In an Irish Independent interview, Leo Clancy said the agency is planning for more indigenous Irish firms to scale to between 10,000 and 50,000 employees – a move that could act as a counterweight to multinational giants, which are currently bankrolling the country through bumper corporate tax receipts.

I think we need a couple of tech start-ups of a global scale

He said that this would be addressed partially through larger “scaling” grants for indigenous companies ready to take bigger, more ambitious steps.

“That’s the space we’re thinking about right now,” said Mr Clancy.

“The place I’m most worried about is bridging [finance] into strong A-rounds or early B-rounds… We’re seeing companies struggle at the moment to raise rounds of €3m to €15m.

“I think we need a couple of tech start-ups of a global scale that can have their home presence here and a large economic impact.”

Mr Clancy said Enterprise Ireland will announce more details of its plans to help “scale” companies into larger entities in the agency’s new five-year plan in January.

“If we had, in 10 years’ time, 10 companies employing 50,000 people and a third of each of those workforces were in Ireland, that would be incredible,” he said.

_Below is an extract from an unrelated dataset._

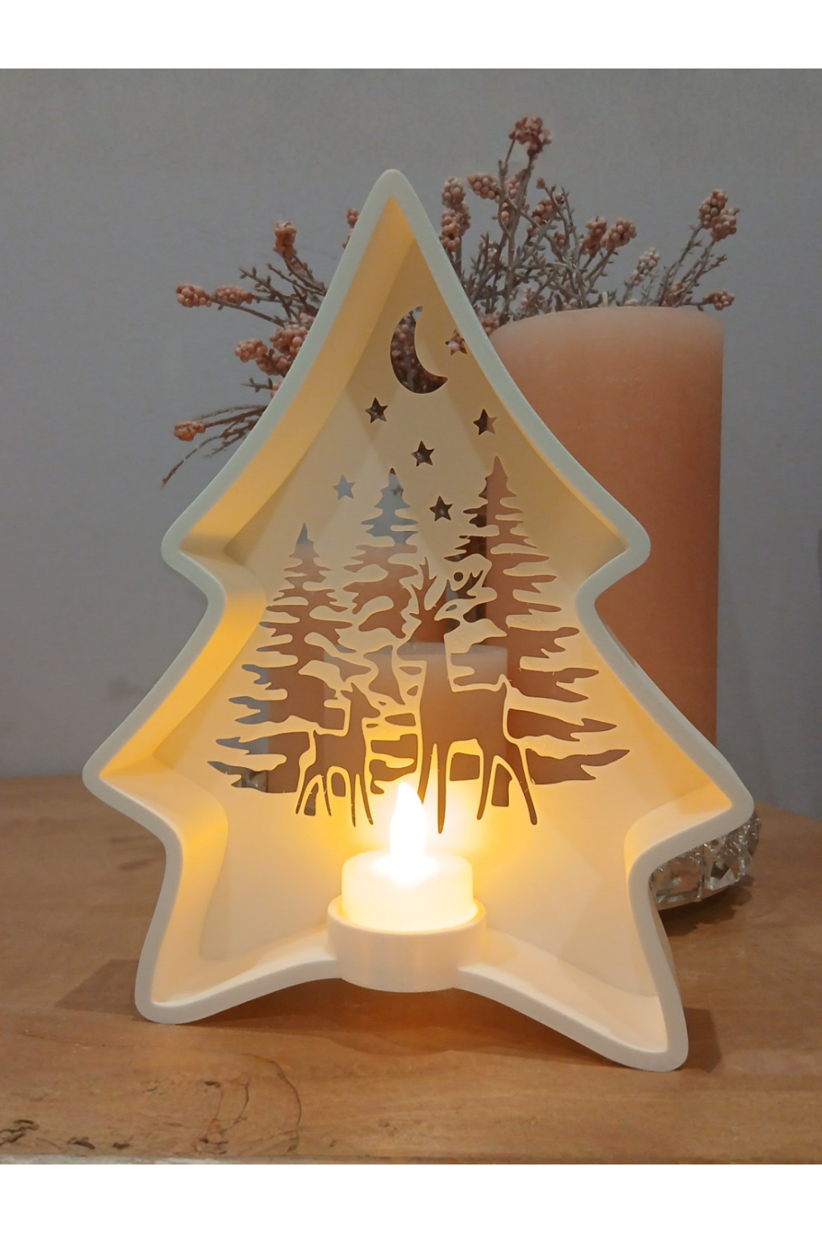 Çam ağacı formunda tasarlanan bu dekoratif LED mumluk, bulunduğu ortama sıcak ve huzurlu bir ambiyans katar.

“The key for us will be how we help them access the capital to keep growing. I think Irish enterprises can be the primary driver of our economy, even alongside a growing FDI sector.”

If we’re not making positive investment returns, we can’t fund the agency

At present, EI disburses about €320m a year through various schemes, grants and subsidies to thousands of beneficiaries, ranging from tiny micro-businesses to publicly-quoted corporations. It claims that around 225,000 people are employed through EI-backed enterprises.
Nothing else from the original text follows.